Congress Center and Hotel in Palma de Mallorca
This project embraces great urban complexity. It is located at the access to the urban centre of Palma. A city of great historic and scenic interest, it is currently the most active in terms of tourist economy in Spain.
The complexity and intensity of the city is coupled with the fact that the area where we intervene is part of the promenade and faces the sea.
The new convention center of the city of Palma sits on a long and narrow plot of land (450 meters in length and 50 at its widest) facing the sea in a south-west direction and located at the entrance into the city from the airport.
Worth highlighting is the central position of the place.

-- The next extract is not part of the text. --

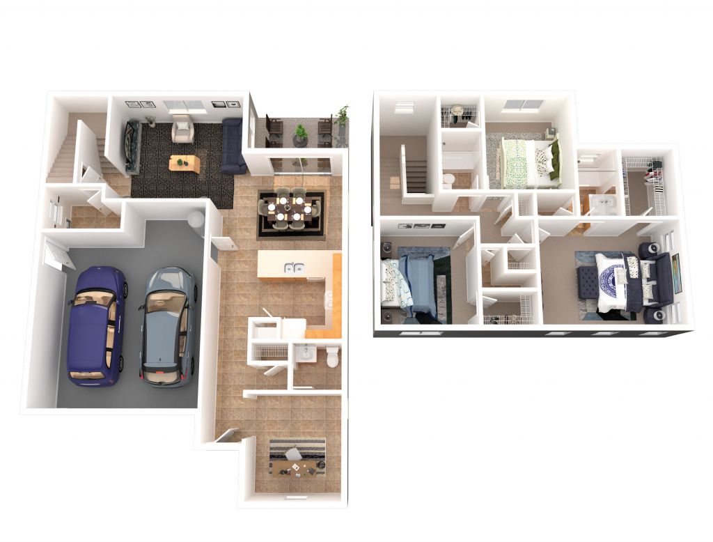 Great family space! The living, dining and kitchen area are open concept and flank the lanai. The galley kitchen includes a pantry and a separate island. The "flex room" could be used for many purposes - office, den, craft room, studio - it's up to you. A laundry and half bath complete the main floor. Upstairs, the large master suite has a great walk-in closet and master bath with double sinks, a linen closet and separate W.C. The two secondary bedrooms have walk-in closets and share the hall bath. There are two large hall closets for interior bulk storage. The attached, two car, oversized garage offers additional storage.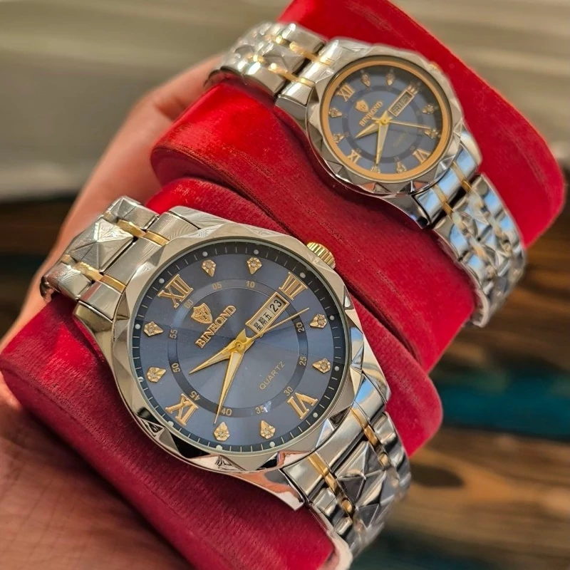 ساعت مچی مردانه زنانه اورجینال بین باند سرمه ای binbond دو تقویم فول استیل

It is the promenade that gives access to the congress center, both on foot and by public transportation from practically any point of the city.
Besides several convention and auditorium halls, the largest one seating 2,200, the complex includes exhibition spaces, a hotel, restaurants, underground parking, and all other services required to complete a total floor program of 60,000 m2.
The instruments used to shape our proposal were based on the measurement of the historical city, adopting elements and relationships that remained perfectly legible on the edge of the sea and on the map of the city.
The design result had to be in coherence with the geometry of the site and the complexity of the program. The convention center would have to come across as a building formalized in city terms, and in continuity with the sea promenade.The first concern led us to use the urban geometry of Palma’s old town. The broken and incisive geometry of the old walls was a useful instrument; transferred to the floor plan of the new building, it allowed organizing the uses in differentiated zones—congresses, auditoriums, exhibitions, hotel—without detriment to the unity of the complex.
To face the sea is to face south. This idea is combined with that of making the building itself part of the sea promenade, through a single decision: face the sea through a thick facade—a 6-meter-thick space. A facade that frames views from inside, but also acts as a huge brise-soleil regulating the sunlight in the interior. Also it contains the escalators and connects the building’s various levels and uses.
The idea of the building as a continuation of the promenade is complemented by a high degree of permeability, at ground level, between interior and exterior, with intermediate spaces protected.
In structural terms, there is a complete correspondence between the formal and the structural configuration. The auditorium volumes are built with perimetral concrete walls, as are the two longitudinal walls that define the thick north facade. These walls are structural, as is the south facade, executed with a large metal structure ‘vierendeel’ that, besides forming the huge lattice facing south. So we used a mixed concrete-iron structure.
As for its material makeup, the building uses local stone, marés. This stone covers not only all the facades and the roof, but also the ground floor of the south facade. On these volumes of the ground floor in stone rests the huge south structure, executed with shipbuilding techniques and clad with aluminum foam. An enormous facade-mirador and promenade sits on the rocky materiality of Mallorca. From afar, when the sun shines upon it, the aluminum foam recalls reflections of fish scales, and thus the sea.